Un autre sujet que vous abordez dans vos interviews concernant la conscience de soi est celui de la fixation d'objectifs, qui est presque le fil conducteur de tout ce processus, comment est-il possible de le faire sans tomber dans l'excès d'ambition ou le manque d'ambition ?

J'ai une formule pour cela : il faut se fixer des objectifs dont on sait pertinemment que l'on peut atteindre 80 %. Ni plus, ni moins.
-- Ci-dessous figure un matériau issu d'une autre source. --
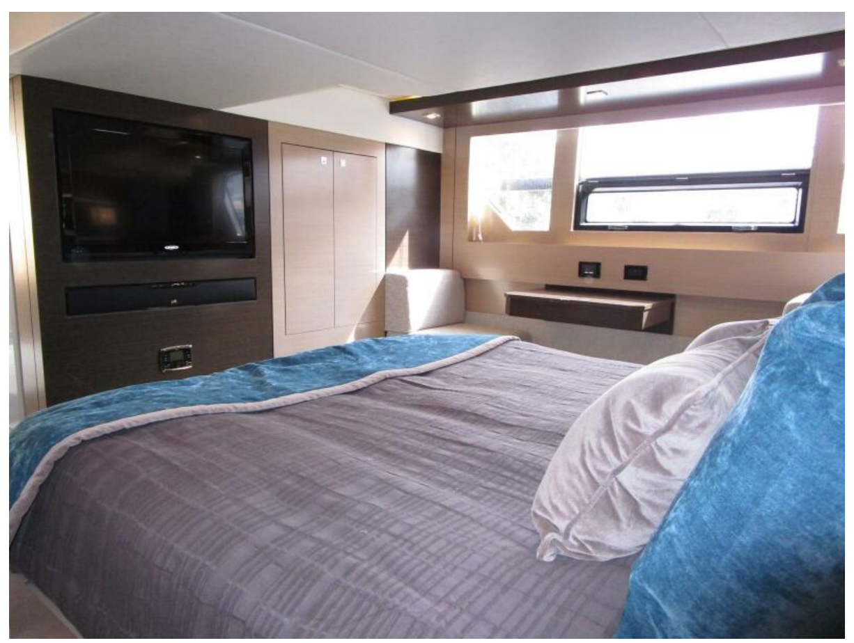
Master Cabin Looking to Starboard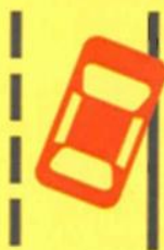
Lane departure warning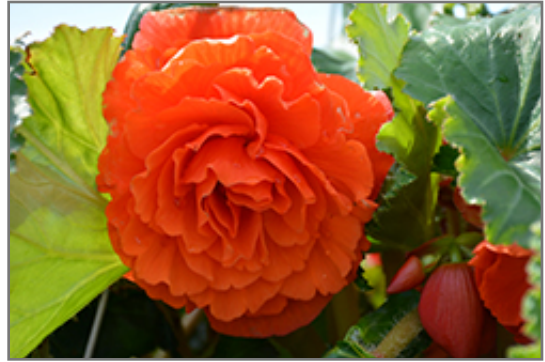
AmeriHybrid Ruffled Mandarin Orange Begonia flowers

This is a high maintenance plant that will require regular care and upkeep, and usually looks its best without pruning, although it will tolerate pruning. Deer don't particularly care for this plant and will usually leave it alone in favor of tastier treats. Gardeners should be aware of the following characteristic(s) that may warrant special consideration;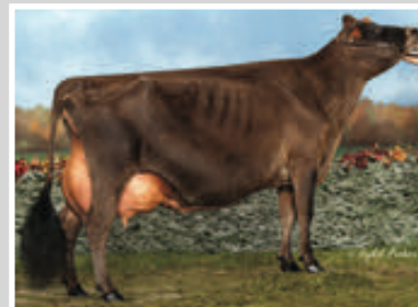
ARETHUSA PRIMETIME DEJA VU-ET Great-Grandam of Lot 63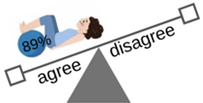
Figure 2 Perceived knowledge of the basic principles of Evidence-based Practice: patients' values, clinical expertise and scientific literature. EBM, Evidence-based Medicine.

In your opinion, the scientific literature is useful in your clinical practice? (item 20)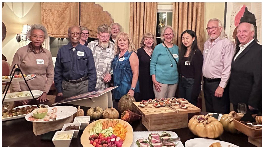
Major Donor Recognition Event, November 2023

The impact we’re making is remarkably inspiring. There is a “Donate” button on our webpage to make it easy for our members to make donations online. If each of our members donated to one of our resource development projects, it would have a dramatic effect on our community. While some donors wish to remain anonymous, RS believes that recognition encourages participation and camaraderie.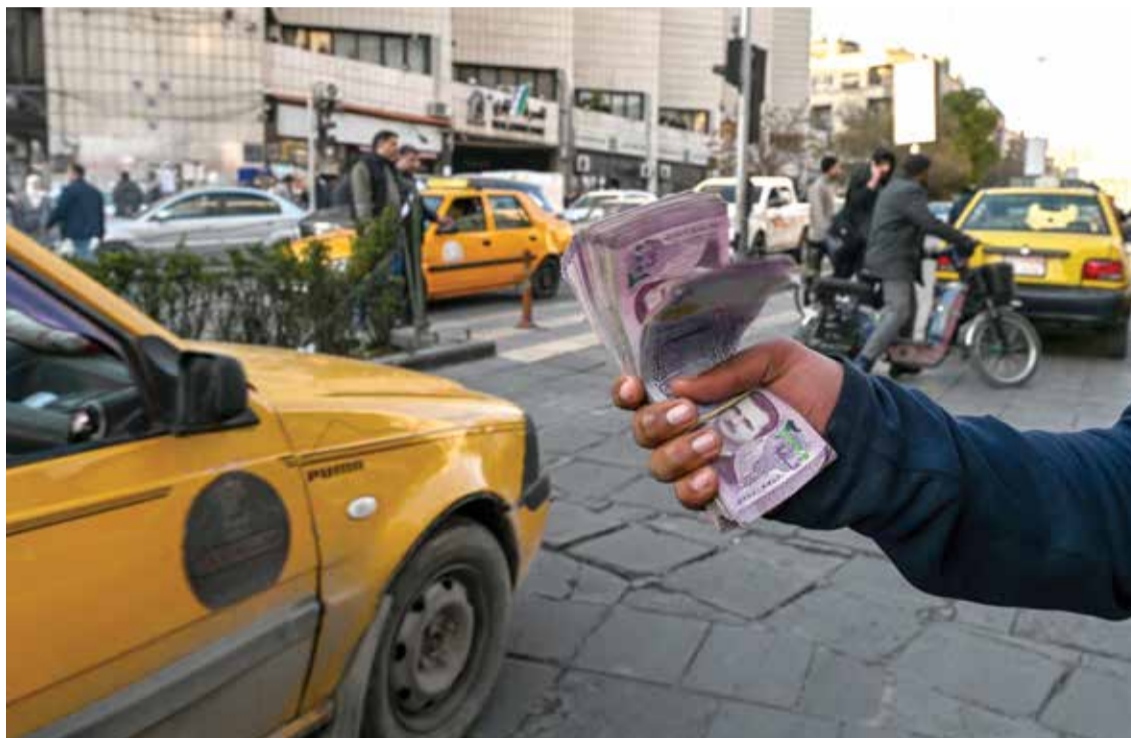
DAMASCUS: A currency trader offers Syrian liras for exchange on a street in Damascus on January 14, 2025.

Assad's government kept a firm grip on foreign currency dealings as a way to control the economy,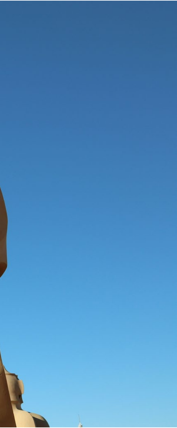
Attic arches of Casa Milà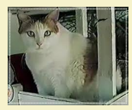
RIP Creme Puff

The record holder for the title "oldest cat ever"-a cat named Crème Puff-lived to be 38 years and three days old. She drank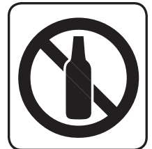
NO BOTTLED BEER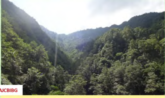
Temperate vegetation of North Sikkim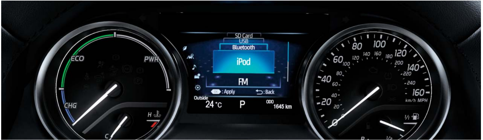
The 7" TFT screen between the dials gives you all the driving information you need.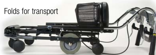
Folds for transport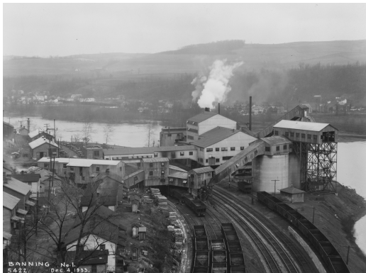
FIGURE 9: Banning No. 1 Mine of the Pittsburgh Coal Company, Perryopolis, Pa., 1933. In the early 1900s American railroads used millions of tons of Pennsylvania coal each year. To get a sense of the scale of coal use by Pennsylvania railroads see the photograph of the Bridgeport Coal Station, circa 1920, on ExplorePAhistory.com.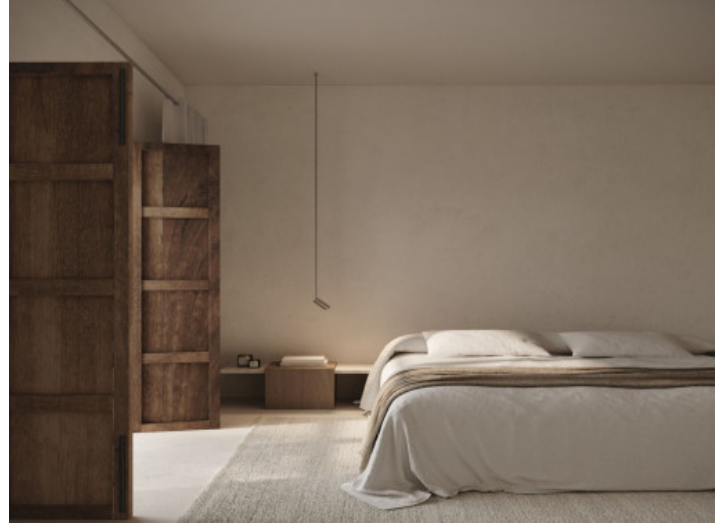
Townhouse with 3 bedrooms

PORTA MALLORQUINA® Your home. Our passion.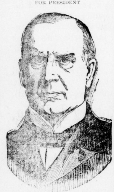
WILLIAM MCKINLEY, of Ohio.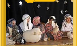
Perform in a Nativity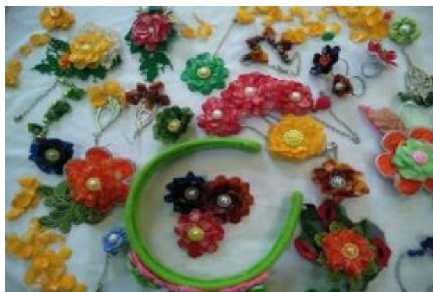
Figure 2 . Accessories from fish scales (source: Kusnadi et al. 2018)

with chlorine water and detergent for one hour, then rinsed thoroughly. The second stage is the coloring stage. The trick is to boil the clean fish scales with the desired textile dye for 5 minutes in boiling water. The third stage of the drying process, drying the fish scales in a place that is not too hot to avoid rolling the scales until they are completely dry for further assembly. The fourth stage is assembling the scales into a brooch according to the preferred shape, by attaching the flower-like scales to a flannel cloth that has been formed in the basic pattern and attaching it to a safety pin or stringing it on a necklace or bracelet chain.

Je tiens à préciser que nous parlons ici d'objectifs au travail. Pas dans la vie personnelle, où il y a d'autres variables.

Et pour que cela fonctionne, il faut être clair. Explicite dans les objectifs que vous vous fixez. Il ne peut s'agir d'idées générales ou vagues, car pour que cette formule fonctionne, dont je parle, mais aussi d'autres experts, il faut savoir ce que l'on mesure pour pouvoir évaluer ses propres performances.

Pourquoi 80 % ? Parce qu'il peut se passer des choses, les choses peuvent changer, certains objectifs qui avaient une valeur au départ et qui n'ont pas été atteints peuvent changer. De plus, atteindre une performance de 80 % est tout à fait remarquable.

C'est pourquoi j'ai divisé la question des buts ou des objectifs en trois lignes : les objectifs opérationnels. En d'autres termes, il s'agit essentiellement de réaliser les actions que je dois accomplir chaque jour, les tâches quotidiennes, le travail de base.

Le deuxième type d'objectif est la croissance : comment je veux évoluer professionnellement dans le cadre de mon travail. Il s'agit d'acquérir des compétences qui me permettent de mieux faire ce que je fais au quotidien.

Enfin, le troisième type d'objectif est l'objectif aspirationnel : où je veux aller. Qu'il s'agisse d'obtenir un poste, un meilleur salaire, un compte très convoité par l'entreprise, etc.

Les trois fonctionnent ensemble et non individuellement.

Une dernière question : nous avons beaucoup parlé des employés, mais comment cela s'applique-t-il aux cadres ou aux dirigeants d'une entreprise ?

Je pense que le grand dilemme des dirigeants, d'après mon expérience, est qu'ils ne comprennent pas que ce sont eux qui doivent réaliser les objectifs de l'entreprise et il arrive parfois qu'ils placent leurs objectifs personnels au-dessus de ceux de l'entreprise ou de l'organisation, ce qui crée un conflit.

Si vous êtes un cadre, c'est-à-dire si vous occupez un poste de cadre, que vous soyez directeur, coordinateur ou président, vos objectifs professionnels sont les objectifs de l'entreprise, même s'il y a d'autres cadres.

Lorsque nous constatons que les dirigeants ou les patrons cherchent à atteindre leurs objectifs personnels, les employés sont désillusionnés ou démotivés, car ce qu'ils voient, ce sont des dirigeants qu'ils doivent suivre ou auxquels ils doivent obéir.